Data on demographics, anthropometry, atherothrombotic risk factors, significant past history, and concomitant medications were obtained at enrolment by study coordinators. Body weight and height were measured at enrolment. Smoking status was categorized into three groups: current smokers (3143 subjects), former smokers (7578 subjects), and never smokers (4811 subjects). The primary efficacy endpoint of the CHARISMA trial was the first occurrence of cardiovascular death (including haemorrhagic death), MI, or stroke. The primary safety endpoint was severe bleeding as defined by the Global Utilization of Streptokinase and tissue-plasminogen activator for Occluded Coronary Arteries (GUSTO) criteria, which included fatal bleeding, primary intracranial haemorrhage, or bleeding causing haemodynamic compromise and requiring blood or fluid replacement, inotropic support, or surgical intervention.12 Moderate bleeding, as determined by the GUSTO criteria, captured bleeding that led to transfusion but that did not lead to haemodynamic compromise or intervention. These events were validated independently by the Cleveland Clinic Clinical Events Adjudication Committee, using pre-specified definitions, and were blinded to baseline BMI status. Other efficacy endpoints included all-cause mortality, cardiovascular death, MI, stroke, or repeat hospitalization for unstable angina, and transient ischaemic attack (TIA).
Statistical analysis
BMI was analysed as a categorical (quartile) and continuous (logarithm or linear spline transformed) variable. Baseline characteristics were compared among the BMI quartiles using Cochran-Armitage trend test for categorical variables and Spearman rank test for continuous variables. Differences for efficacy and safety endpoints among the BMI quartiles were assessed using a two-sided log-rank test and were plotted using cumulative Kaplan–Meier estimates of the event rates. Hazard ratios (HR) of the BMI quartiles and their associated 95% CI were estimated using Cox proportional hazards model, unadjusted or adjusted for cardiovascular risk factors including age, gender, smoking history (represented by dummy variables of current and former-smokers with referent never-smokers), diabetes mellitus, hypertension, and hypercholesterolaemia. For safety endpoints, the co-variates used for adjustment were age, diabetic nephropathy, hypertension, and diuretic use. The first quartile of BMI was used as the referent. Multivariable Cox models were created to assess the relationship of the continuous BMI (presented as linear spline terms) and cardiovascular events, after adjusting for age, gender, smoking history, diabetes mellitus, hypertension, and hypercholesterolaemia. These risk factors and BMI linear spline terms met the proportional hazards assumption by plotting the log of the negative log of their estimated survival distribution, log(–log(S(t))) vs. time. The linearity assumption was assessed and satisfied for all the continuous variables by plotting the logit of the events against the continuous variable. Although propensity score matching was performed, matching sample was not sufficiently large to be used for analysis. Propensity scores were entered into the final multivariable Cox models as an additional adjustment.

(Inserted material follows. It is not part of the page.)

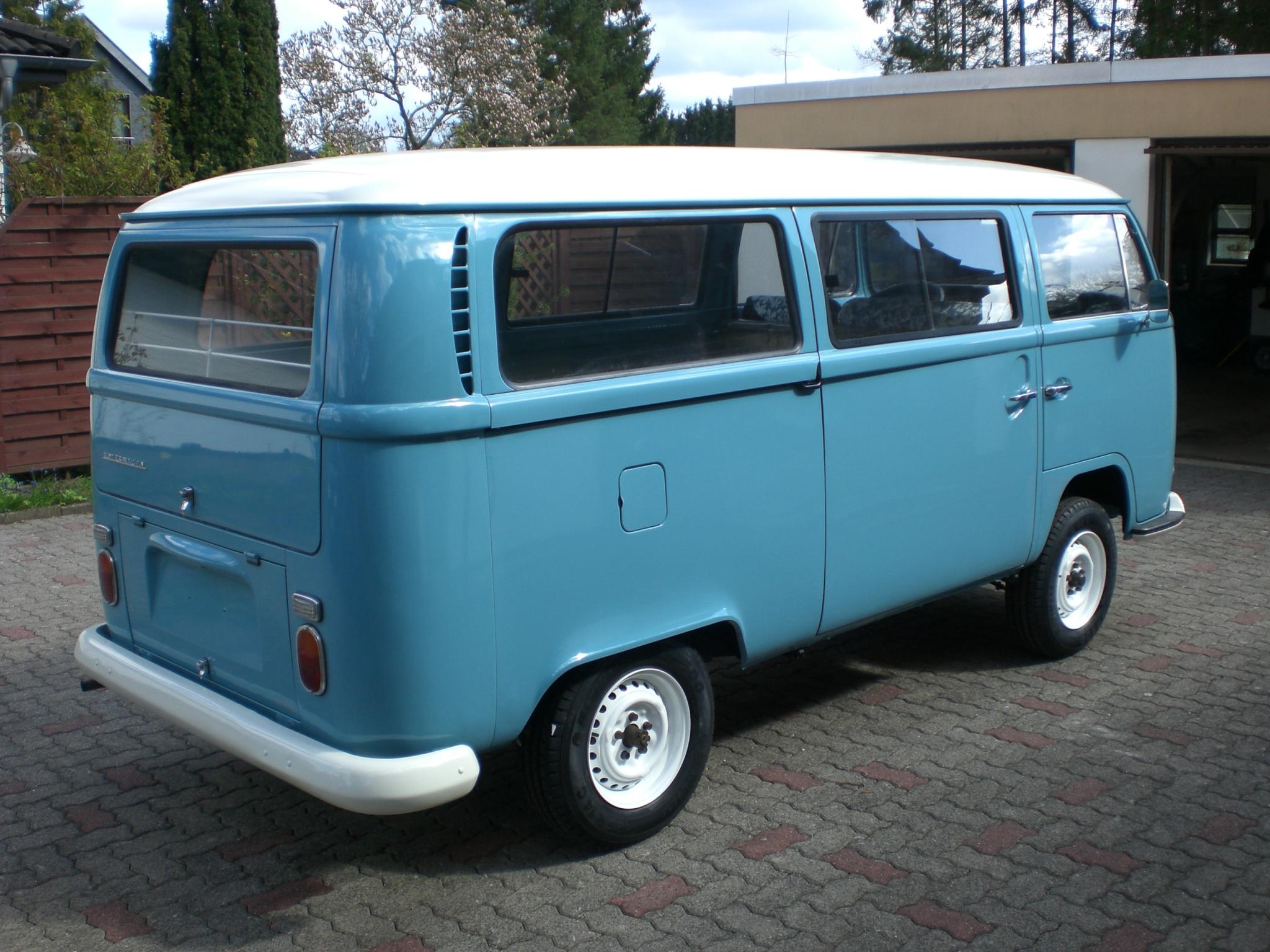 nur hat er die falsche Kombi gewählt, beim 71er T2 in Niagarablau war das Pastellweiss immer runter bis zur Gürtellinie lackiert und nicht nur das Dach

As the dose of aspirin was not standardized, it was adjusted for body weight for each patient and divided into tertiles, and endpoints were compared. In the trial, eight patients did not receive aspirin or the dose of aspirin was not recorded. For the aspirin group, the dose range was 0–4.584 mg/kg, with mean of 1.320 mg/kg and for the aspirin plus clopidogrel group, the dose range was 0–4.706 mg/kg, with mean of 1.318 mg/kg.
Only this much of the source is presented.